No formal complaints have been made about blackface make-up taking place over the past couple of years, however allegations have been made on social media - sparking the ban.
Organisers brought in the rule, which will be implemented next year, after being “appalled and saddened at the senseless acts of inhumanity” taking place around the world in recent days.
In a statement, the organisers said: “We have recently been asked to review cultural misappropriation of costumes and the use of make-up that adjusts ethnicity.
“We have also been asked to review the blackening of faces and skin that has been reported as part of the Friday fancy-dress competition and parade.
“We can confirm that the committee has not, and will never, condone or tolerate anyone taking part in our fancy-dress competition and parade who has blackened their face.
“Each year the traditional Friday-night fancy-dress parade is followed the next morning by a procession of over 500 children in costume ranging from fairies, sailors and soldiers to mice, archers and representatives of foreign lands to start the town’s red letter day proceedings.
“The costumes and use of make-up to adjust ethnicity will be addressed.
“Meanwhile, guidance pertaining to the fancy-dress competition and parade, together with other entertainment on the Friday evening, will be strengthened with clear guidance on the use of make-up to ensure racist tones do not exist.”
The statement added that specialist legal advice on equality matters is also being sought in an effort to ensure no offence is caused at future festivals.
It also pointed out that the committee has not been sent any formal complaints but has been made aware of aspersions being cast via social media.
It added: “Not one complaint has been received in regards to racism after last year’s or the previous year’s festival.
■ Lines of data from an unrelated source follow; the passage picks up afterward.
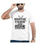 Live your passion with this comfortable white cotton tee, perfect for outdoor lovers. Featuring “Huntin’ Fishin’ Lovin’ Everyday” with antlers and arrows, it’s ideal for those who enjoy nature’s pursuits. Made from soft, breathable cotton. Product Details – Cotton. Origin of Country : India.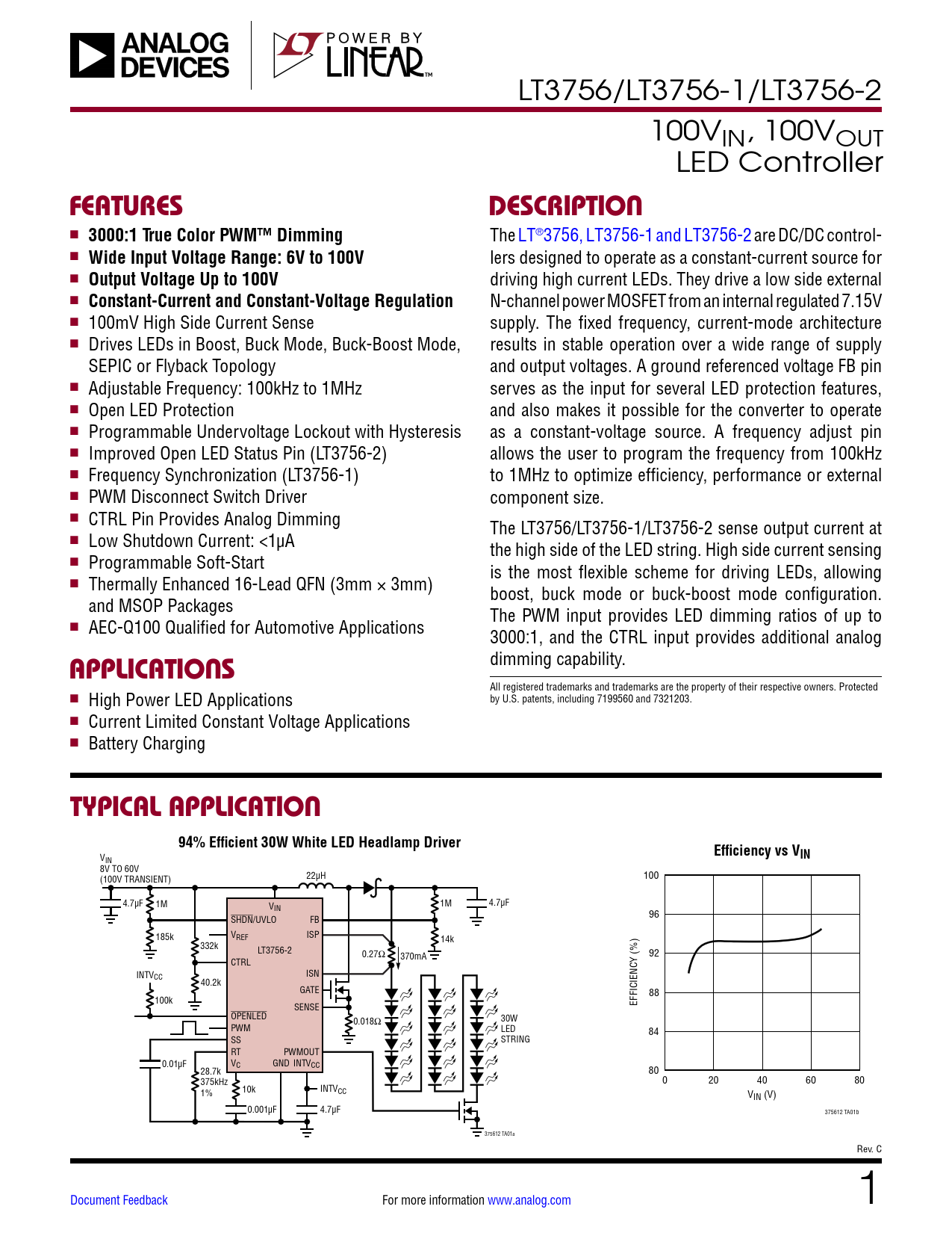 Datasheet LT3756, LT3756-1, LT3756-2 Analog Devices, Revision: C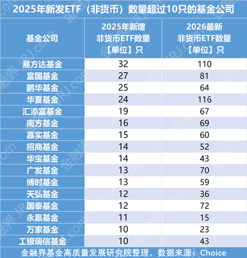 市场的蓬勃发展,离不开专业机构的持续投入。从基金管理人视角来看,2025年堪称ETF产品新发“大年”。易方达基金全年新发32只ETF,位居行业榜首;富国基金、鹏华基金、华夏基金等头部机构新发数量均超20只;全市场共有16家基金公司年度新增ETF数量达到10只以上。行业呈现百舸争流、竞相发力的竞争格局,为ETF市场注入了源源不断的创新活力。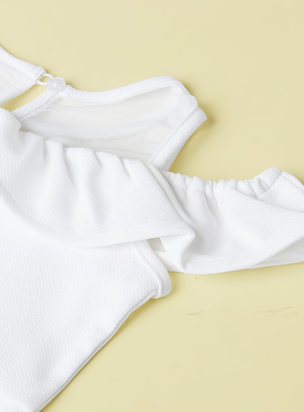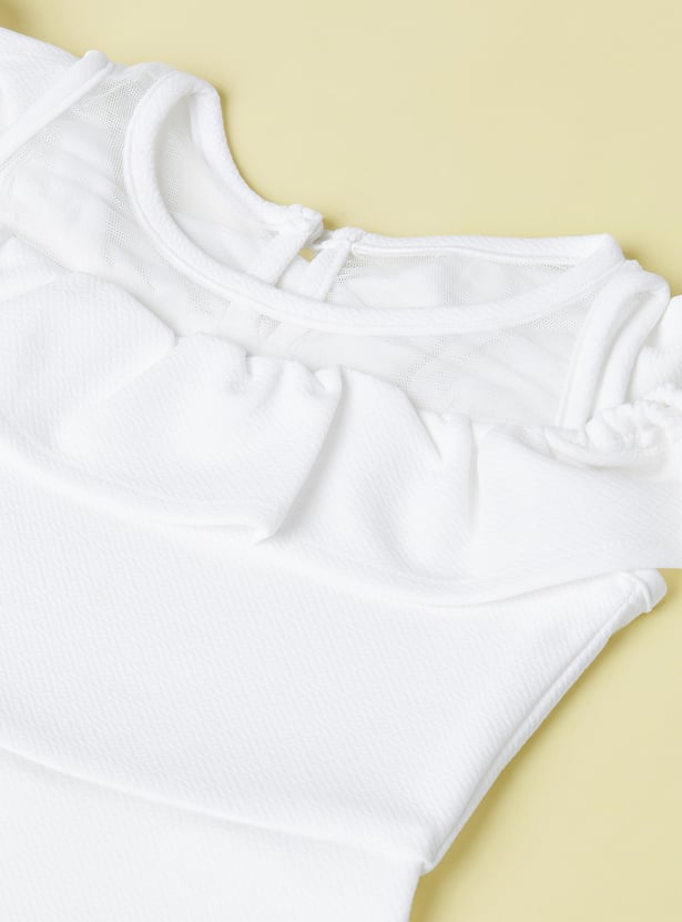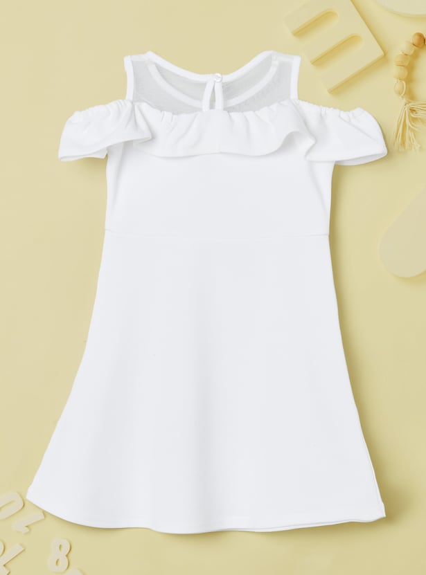 Let her shine in this dress. Featuring a chic cold shoulder design, this dress adds a modern twist to a classic A-line silhouette. The illusion neck creates a subtle, sophisticated effect, while the ruffled details give it a fun touch. The mesh yoke adds an extra layer of texture and style.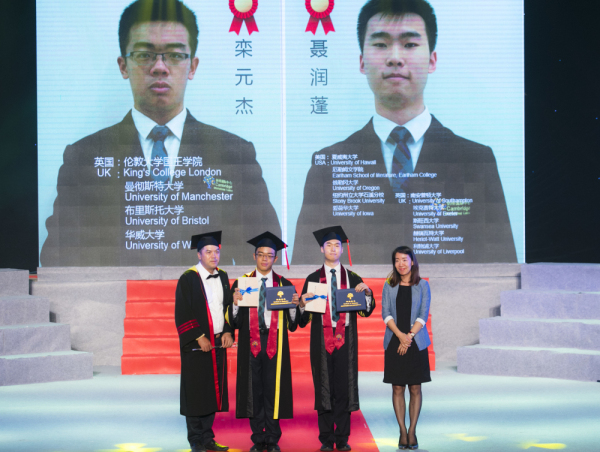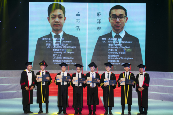 英国萨塞克斯大学国际教育官员 潘晶女士 为荣获特殊贡献奖的毕业生 栾元杰、聂润蓬 颁发毕业证书并授予荣誉带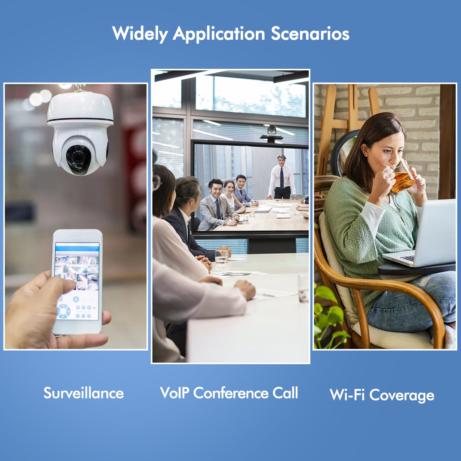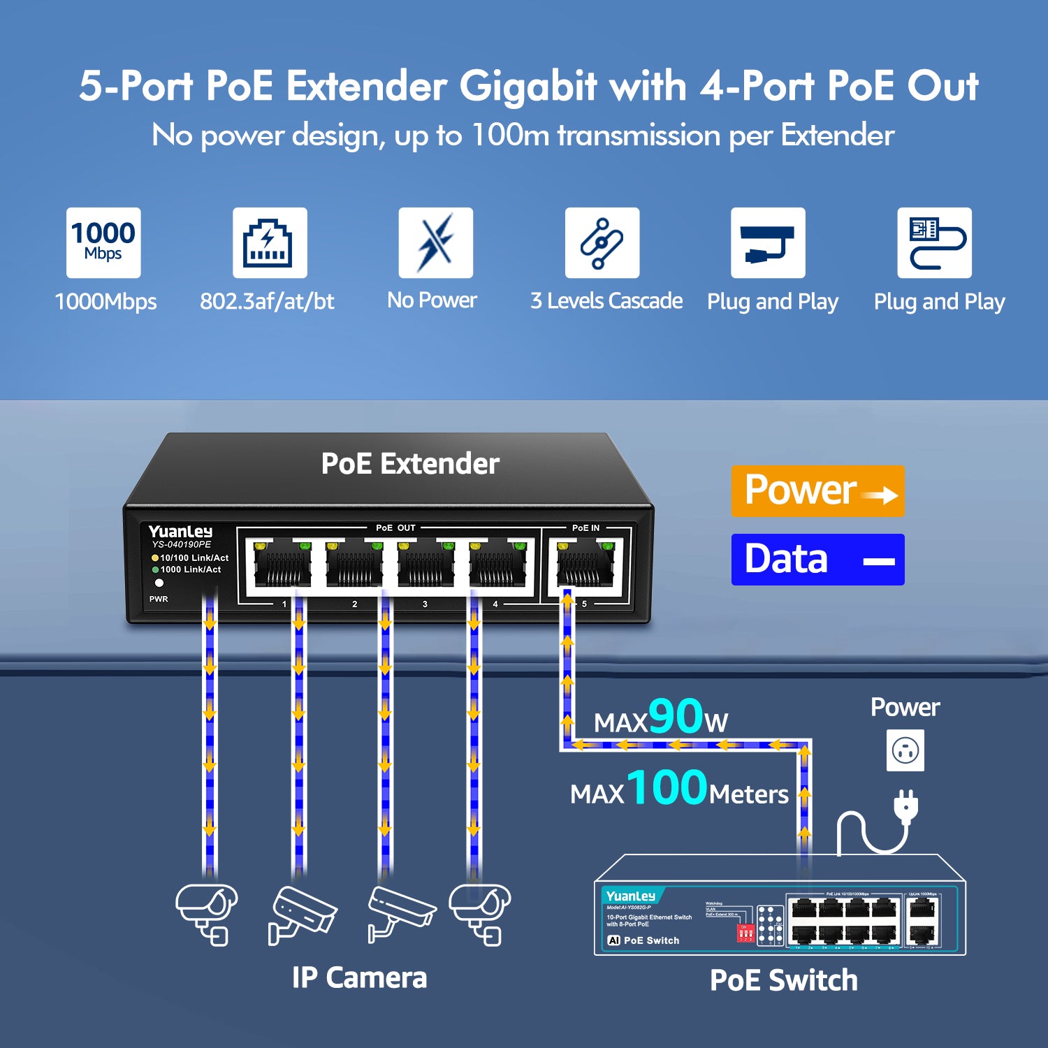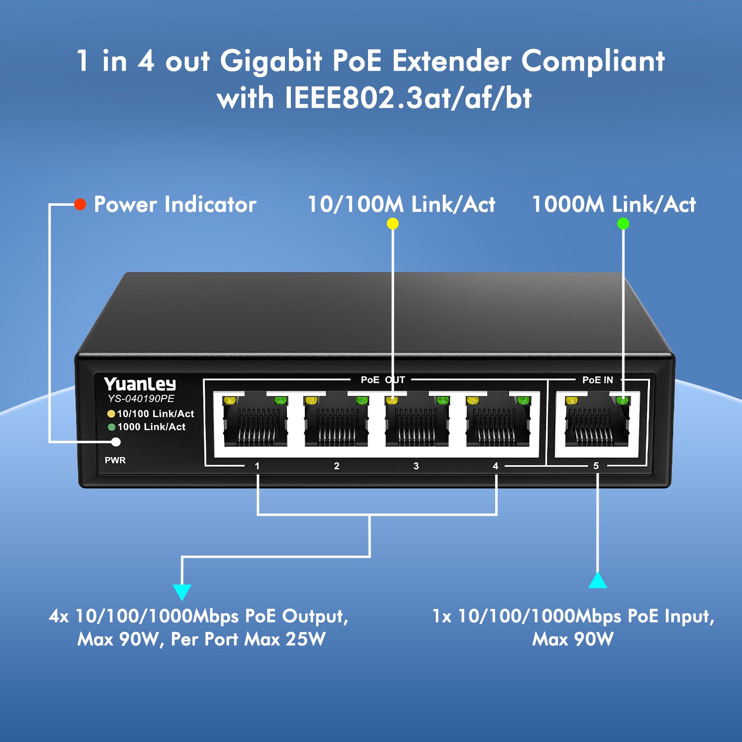 【Gigabit 5 Channel Passive PoE Extender】This 5 port gigabit PoE extender include 4 PoE out and 1 PoE in(Max 90W). It can provides PoE power to up to four PoE devices, 10/100/1000Mbps speed. Each PoE extender has an transmission distance of 330ft(100m).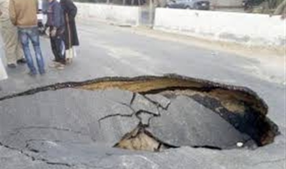 هبوط أرضى بسبب انحدار خط صرف صحي بالمنصورة

“In addition, not one complaint was raised at the recent annual general meeting about racism.
“We were therefore disappointed that people felt the need to discuss this matter online rather than approach the committee in the first instance.
“We will, however, take this on board moving forward.
“As a community, it is in our best interest to work together and resolve disputes rather than create division and disperse false information.
“The committee is willing to work with anyone for the good of the festival and ensure we continue to put on a great show for the generations to come.”